What a lovely little place with some nice decay.nice one


----------



## jsp77 (Feb 16, 2017)

that is a nice little place you have found, thanks for sharing


----------



## thorfrun (Feb 16, 2017)

Love the radiator shots, great


----------



## druid (Feb 19, 2017)

Certainly looks like an old school but it's not St Annes (building was still in use by the builders merchants last year)


----------



## miffta (Feb 20, 2017)

druid said:


> Certainly looks like an old school but it's not St Annes (building was still in use by the builders merchants last year)



Hi Druid this place is directly behind it, practically attached to it, that's what made me think, I know the old st Anne's building is in use & is a much older building than this, but figured this could've been some sort of extension.


----------



## druid (Feb 20, 2017)

That would make sense as the brickwork looks newer than the main building. I remember there being a small cloakroom annexe at the back left corner but nothing going further behind that. A quick look on the modern aerial photos shows where you went. Perhaps it was partitioned when I saw it.
Nice find anyway


----------



## HughieD (Feb 20, 2017)

What a fab little 'secret' place' - great pix too.


----------



## Potter (Feb 20, 2017)

A very nice old find


----------



## abandonedclown (Jan 29, 2022)

hi can anyone tell me where abouts I can find this??


----------



## Tattyboo (Jan 30, 2022)

This is amazing. Love the coat hooks. Not been to this one tho local. To be honest, never known about this one. Lovely find.


----------



## Hayman (Jan 31, 2022)

Tattyboo said:


> This is amazing. Love the coat hooks. Not been to this one tho local. To be honest, never known about this one. Lovely find.


My thought too about the coat hooks.
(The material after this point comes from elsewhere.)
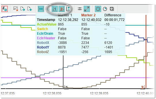 As soon as values have been recorded, you can display a popup that shows the exact variable values at the current point in time (first marker).
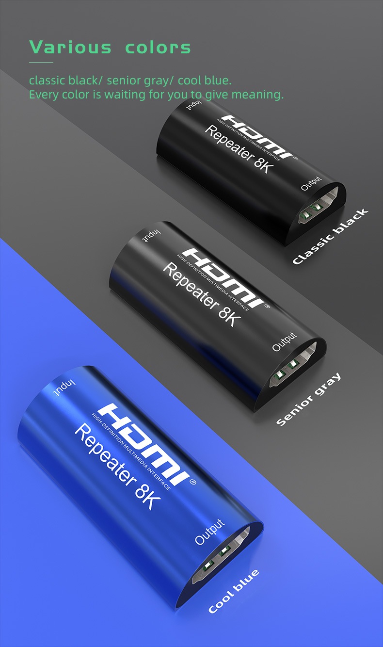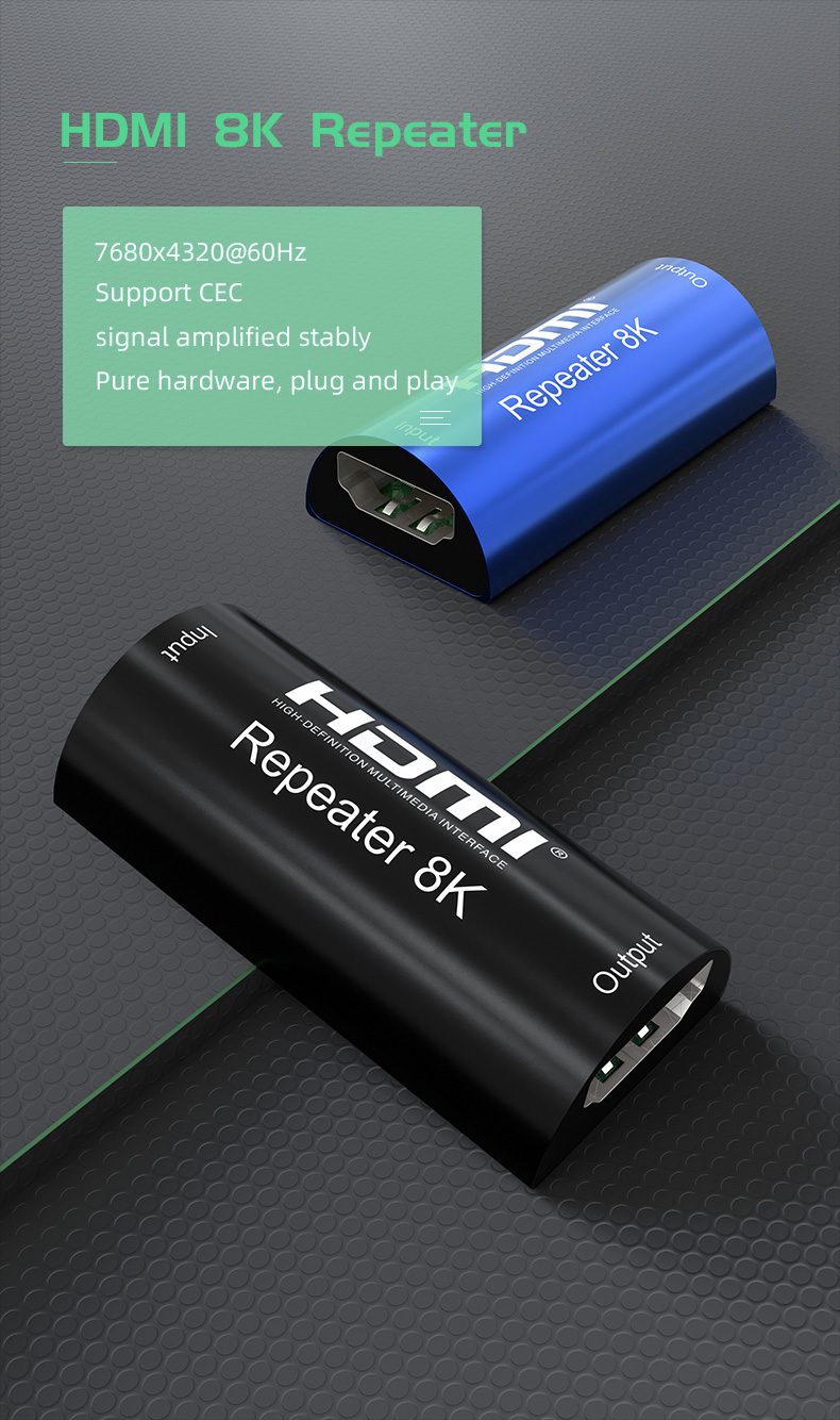 Repeater se zapojuje doprostřed mezi dva kabely, nejlépe stejné délky. HDMI kabely délky 10m až 15m musí mít měděné vodiče o průřezu 24AWG.

Nothing plastic in those days.


----------



## abandonedclown (Feb 27, 2022)

Hi, is this behind the timbers merchants on hants lane?? also how am j able to get access to it, it looks like a super cool place to explore


----------



## BikinGlynn (Mar 2, 2022)

abandonedclown said:


> Hi, is this behind the timbers merchants on hants lane?? also how am j able to get access to it, it looks like a super cool place to explore


Not really the done thing to ask directly for access info. 
The report is a few years old so the place may not even still b there but as u have figured out location the best thing would b go & have a look yourself


----------